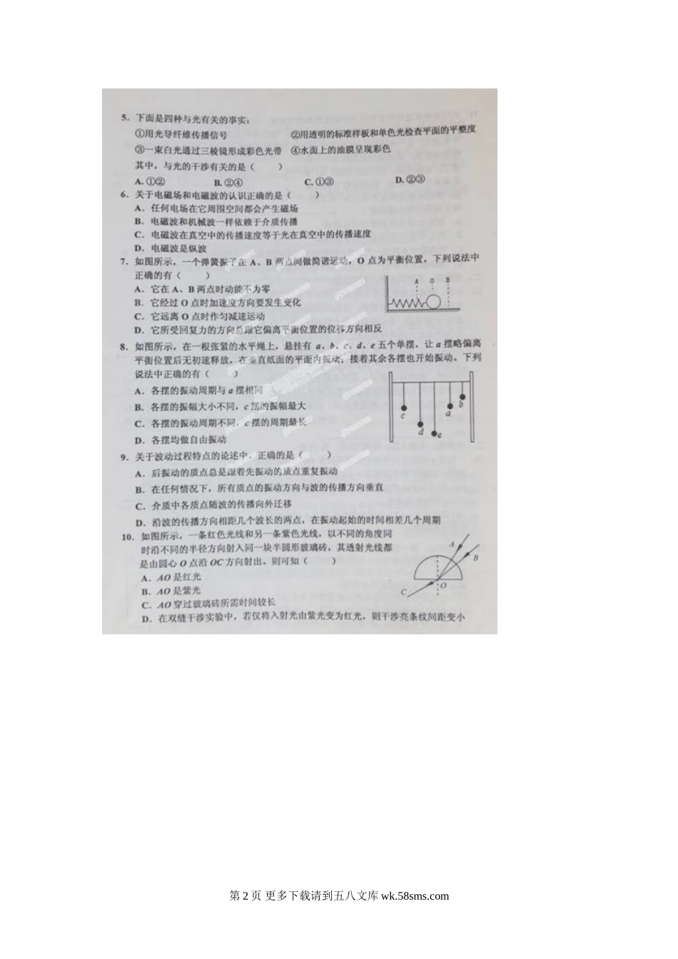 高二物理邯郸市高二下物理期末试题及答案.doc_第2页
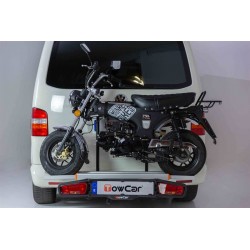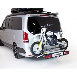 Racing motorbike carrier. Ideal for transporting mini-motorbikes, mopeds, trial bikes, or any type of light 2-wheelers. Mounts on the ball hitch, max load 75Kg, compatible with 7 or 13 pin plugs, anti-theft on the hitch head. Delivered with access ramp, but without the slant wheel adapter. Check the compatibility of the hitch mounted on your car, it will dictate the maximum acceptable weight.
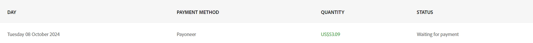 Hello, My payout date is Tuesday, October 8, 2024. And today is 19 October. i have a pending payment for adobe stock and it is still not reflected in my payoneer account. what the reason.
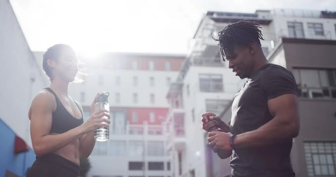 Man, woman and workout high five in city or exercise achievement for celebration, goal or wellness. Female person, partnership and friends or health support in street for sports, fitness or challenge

^^^^^^^^^^^^^^^^

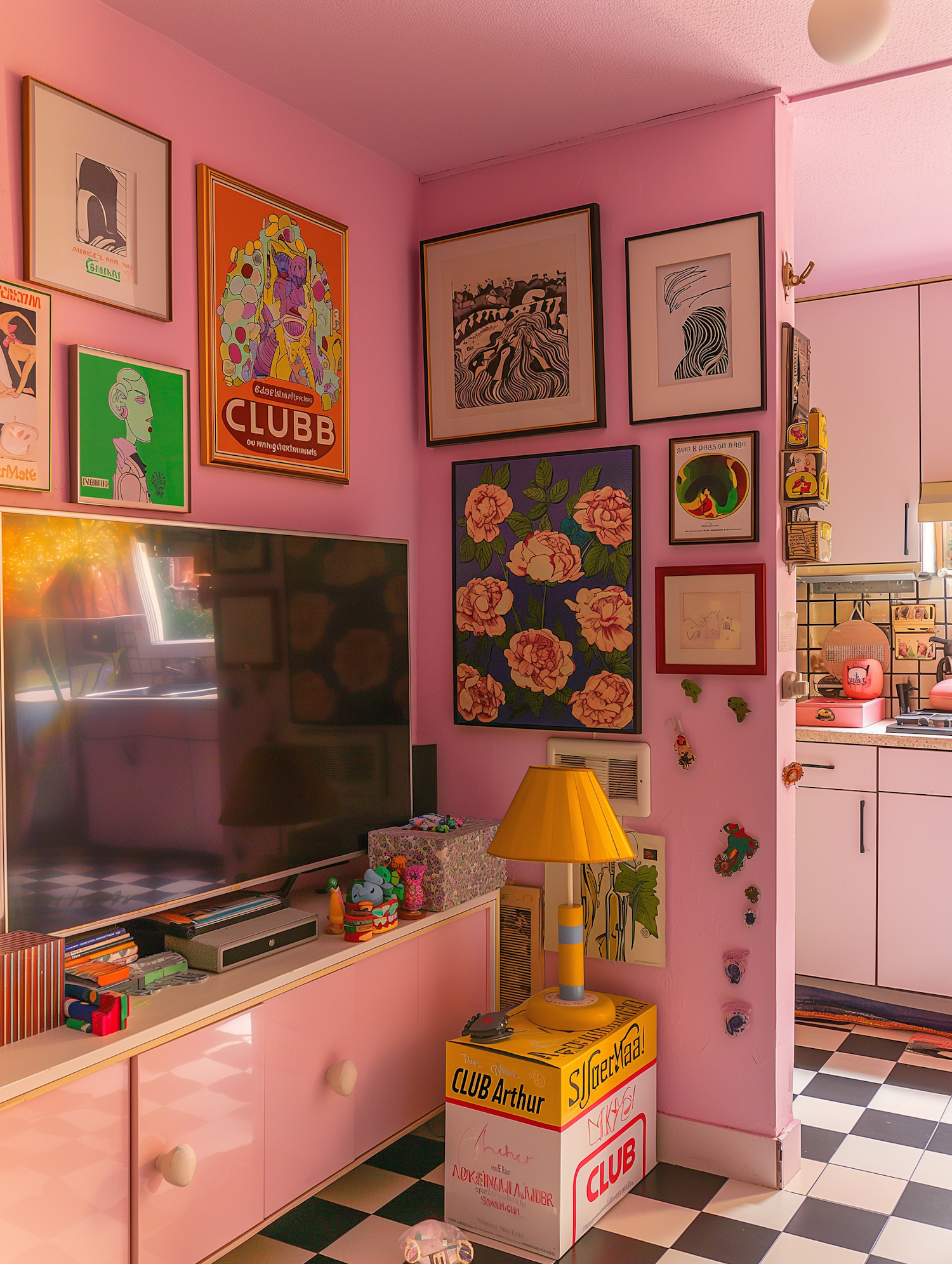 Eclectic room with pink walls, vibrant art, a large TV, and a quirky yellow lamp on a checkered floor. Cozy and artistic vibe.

^^^^^^^^^^^^^^^^

■ Exercise ■
From the line with "高二物理邯郸市高二下物理期末试题及答案.doc_第2页" up to and including the line with "Man, woman and" above, retype every line exactly and nothing more; leave out the pictures.

■ Solution ■
 高二物理邯郸市高二下物理期末试题及答案.doc_第2页
 Racing motorbike carrier. Ideal for transporting mini-motorbikes, mopeds, trial bikes, or any type of light 2-wheelers. Mounts on the ball hitch, max load 75Kg, compatible with 7 or 13 pin plugs, anti-theft on the hitch head. Delivered with access ramp, but without the slant wheel adapter. Check the compatibility of the hitch mounted on your car, it will dictate the maximum acceptable weight.
 Hello, My payout date is Tuesday, October 8, 2024. And today is 19 October. i have a pending payment for adobe stock and it is still not reflected in my payoneer account. what the reason.
 Man, woman and workout high five in city or exercise achievement for celebration, goal or wellness. Female person, partnership and friends or health support in street for sports, fitness or challenge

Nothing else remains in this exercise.